Mit dem Eintritt in das Team, erkennt das Mitglied alle folgenden Regeln an und Vereinbahrungen an.

Ergänzend zu den hier niedergeschriebenen Regeln gelten die gesetzlichen Bestimmungen, welche unter anderem nachfolgend in interpretier Form nachgelesen werden können: http://www.airsoft-initiative.de/rechtsauffassungen_airsoft.html
http://files.homepagemodules.de/b591732/f30t105p716n2.pdf

Der Eintritt in das Team ist erst nach einer unbestimmten Anzahl von Probespielen in, bzw. mit dem Team möglich. Sinn ist es, dass die Teamleader dass angehende Team Mitglied ausreichend kennen lernen konnten, um ein Urteil zu fällen, ob das Mitglied in das Team passt.

Entsprechend wird der Eintritt eines neuen Mitglieds unter den Leadern abgestimmt.

Shark Airsoft Germany ist ein Team, jedoch gibt es keine Verpflichtung. Andere Dinge dürfen über das Team und über den Sport gestellt werden. Entsprechend gibt es keine Verpflichtung, wie oft man an Spielen teilnehmen muss. Dies darf von niemandem verurteilt werden.


Verhalten auf OPs und Skirms:

Es gelten immer die vorgeschriebenen Hausregeln des jeweiligen Geländes / Veranstalters. Dazu gehören neben den Spielregeln und Belehrungen auch die Joulegrenzen.

Ergänzend dazu hat sich jedes Mitglied „wie ein normaler Mensch“ zu verhalten. Dazu gehört der vernünftige und verantwortungsbewusste Umgang

  • mit seinen Markierern

  • mit den zur Verfügung gestellten Spielmaterialien

  • mit Mit- und Gegenspielern

  • im Gespräch

  • mit Alkohol (insbesondere für Autofahrer)

  • mit dem Rauchen (Raucherplätze erfragen)

Es wird erwartet, dass jedes Mitglied vorbereitet zu jedem Spieltag erscheint. Das soll heißen, dass jeder die zur Verfügung gestellten Informationstexte am Spieltag gelesen hat.

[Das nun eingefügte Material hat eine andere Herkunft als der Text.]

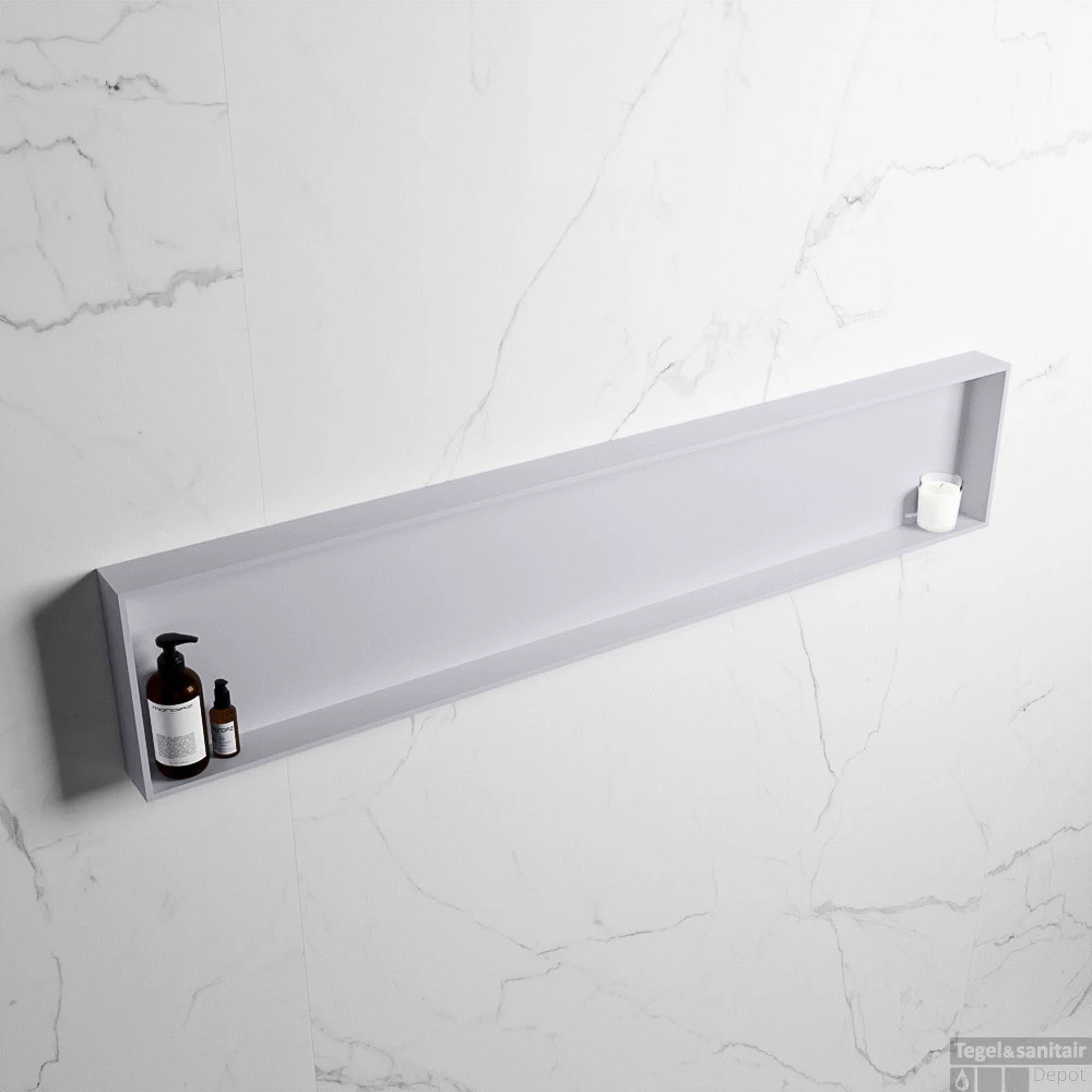 De Solid Surface inbouw nis is een aanwinst voor iedere badkamer of toilet en met alle verschillende maten en kleuren ook een mooie en efficiënte accessoire. De Mondiaz nis neemt geen extra ruimte in omdat de nis ingebouwd kan worden maar je kan hem ook eenvoudig rechtstreeks op de muur bevestigen. Zo staan al je douche of badproducten binnen handbereik. De Mondiaz Solid Surface (inbouw) nis mag daarom niet ontbreken in de badkamer of toiletruimte waar de ruimte vaak beperkt is. De nis is daarbij een mooie functionele ruimtebesparing en het ideale product om jouw mooie spulletjes in uit te stallen.
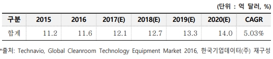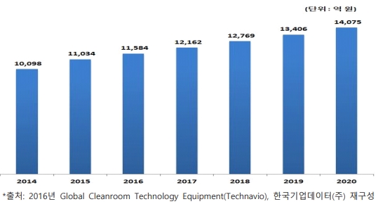 글로벌 시장기관 테크나비오의 보고서에 따르면 국내 클린룸 시장은 2013년 1조 98억 원에 서 2014년 1조509억 원으로 4.07% 성장하였고, 2016년 1조 1,584억 원 규모가 예상되며 지속적인 성장을 통해 2020년 1조 4,075억 원의 시장규모를 보일 것으로 전망된다.
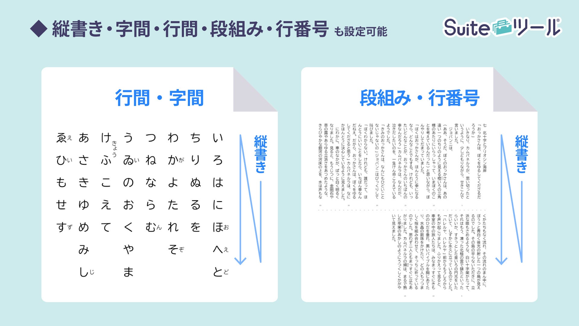 「Suiteツール」には、 Googleの標準機能にはない、日本語特有の「縦書き」への変換機能も搭載しています。行間、字間、段組み、行番号も設定できるので、短歌や俳句、漢文などの教材作成に行間・字間を用いたり、長文の内容理解度や読みやすさ向上のために段組みや行番号を用いたりしてご活用いただけます。ルビ付き文章も縦書きに変換することが可能です。

Sollte ein Mitglied ein unverantwortliches verhalten aufweisen wird dieses Mitglied vom Team ausgeschlossen.


Verhalten im Chat und untereinander:

Es ist verboten einen Extremismus in irgendeiner Form auszuüben. Dazu gehören Witze, Aussagen, Bilder und weiteres, die einzelne Personen oder auch Personengruppen verbal verletzen können, sowie gewaltverherrlichendes Material.

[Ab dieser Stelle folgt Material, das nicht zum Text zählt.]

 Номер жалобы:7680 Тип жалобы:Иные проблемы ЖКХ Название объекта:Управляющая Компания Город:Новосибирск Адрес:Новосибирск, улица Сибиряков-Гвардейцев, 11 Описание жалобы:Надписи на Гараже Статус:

Posts, Gruppennachrichten und andere Kommunikation jeder Art ist Jugendfrei zu halten.

Im Gespräch mit Außenstehenden / “Nicht-Airsoft-Spielern”:
Wir haben keine “Waffen”, sondern “Markierer”, “Airsoftguns” (ASGs), oder “Airsoftwaffen”. Wir spielen einen Sport, bei dem wir den Gegner “markieren” und “treffen” und nicht “abschießen”, “abknallen” oder ähnlich.

“Ich habe eben mit meiner Waffe 4 Gegner abgeschossen” → “Ich habe gerade mit meinem Markierer 4 Gegner getroffen”.

Es geht um die Distanzierung von (bösartiger, aber auch) missverständlich formulierter Gewalt gegenüber Außenstehenden / “Nicht-Airsoft-Spielern”.
Dennoch müssen die Markierer, wie scharfe Waffen behandelt werden, weshalb die Beschreibung Waffe nicht falsch ist.


Teamkasse:

Es gibt eine Teamkasse, die von den Leadern verwaltet wird. Auf diese kann auf freiwilliger Basis gespendet werden.

Spenden für das Team werden für das ganze Team genutzt.

Eine Auszahlung oder Rückzahlung einer Spende ist nicht möglich.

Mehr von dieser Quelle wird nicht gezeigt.